[Goal of the exercise]: Reproduce the data below word for word, setting aside any picture it holds.

▽

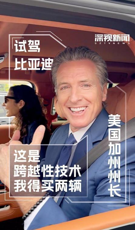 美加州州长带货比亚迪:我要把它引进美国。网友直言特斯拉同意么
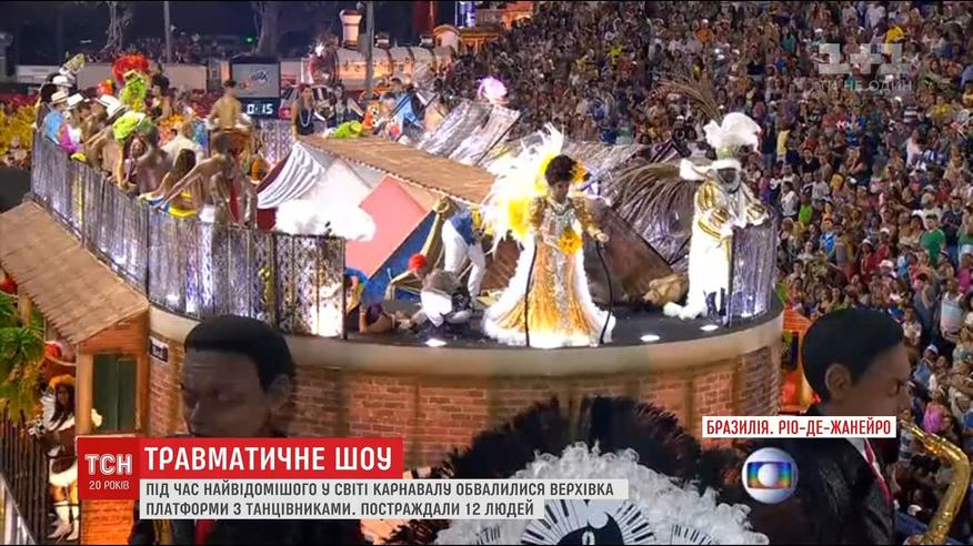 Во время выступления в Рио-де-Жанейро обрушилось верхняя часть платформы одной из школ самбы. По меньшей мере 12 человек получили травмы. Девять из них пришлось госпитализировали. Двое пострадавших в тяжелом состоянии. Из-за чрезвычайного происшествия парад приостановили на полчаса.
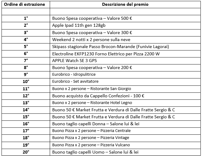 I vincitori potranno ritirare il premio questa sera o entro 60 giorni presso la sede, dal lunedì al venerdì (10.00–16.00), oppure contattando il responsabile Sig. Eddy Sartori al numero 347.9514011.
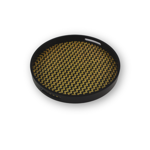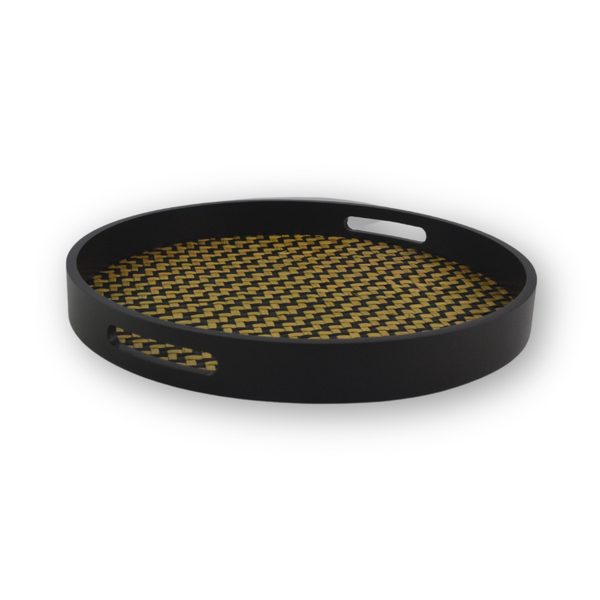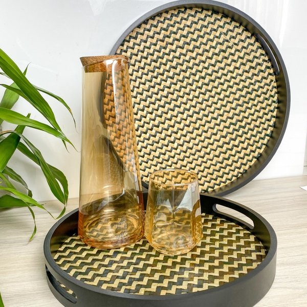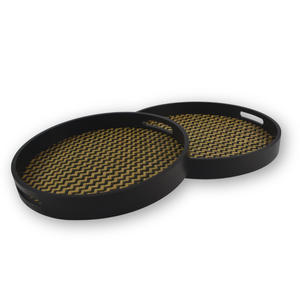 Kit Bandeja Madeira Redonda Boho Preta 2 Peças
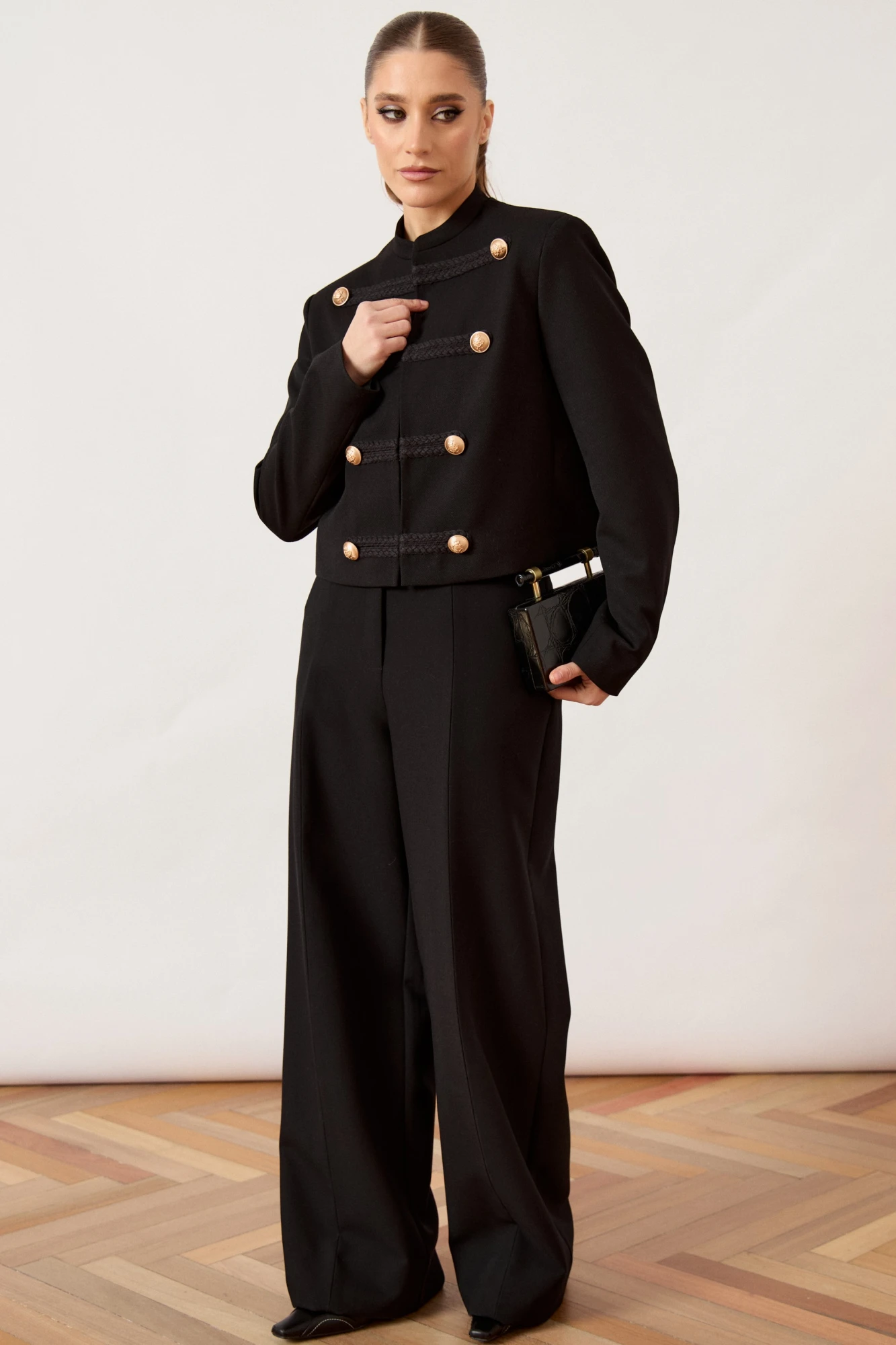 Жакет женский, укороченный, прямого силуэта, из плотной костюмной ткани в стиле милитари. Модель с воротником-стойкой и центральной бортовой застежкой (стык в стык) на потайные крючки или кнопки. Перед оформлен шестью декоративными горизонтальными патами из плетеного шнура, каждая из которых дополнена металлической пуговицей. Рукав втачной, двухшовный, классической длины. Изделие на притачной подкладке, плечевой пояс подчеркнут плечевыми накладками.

△

[Response area]:
 美加州州长带货比亚迪:我要把它引进美国。网友直言特斯拉同意么
 Во время выступления в Рио-де-Жанейро обрушилось верхняя часть платформы одной из школ самбы. По меньшей мере 12 человек получили травмы. Девять из них пришлось госпитализировали. Двое пострадавших в тяжелом состоянии. Из-за чрезвычайного происшествия парад приостановили на полчаса.
 I vincitori potranno ritirare il premio questa sera o entro 60 giorni presso la sede, dal lunedì al venerdì (10.00–16.00), oppure contattando il responsabile Sig. Eddy Sartori al numero 347.9514011.
 Kit Bandeja Madeira Redonda Boho Preta 2 Peças
 Жакет женский, укороченный, прямого силуэта, из плотной костюмной ткани в стиле милитари. Модель с воротником-стойкой и центральной бортовой застежкой (стык в стык) на потайные крючки или кнопки. Перед оформлен шестью декоративными горизонтальными патами из плетеного шнура, каждая из которых дополнена металлической пуговицей. Рукав втачной, двухшовный, классической длины. Изделие на притачной подкладке, плечевой пояс подчеркнут плечевыми накладками.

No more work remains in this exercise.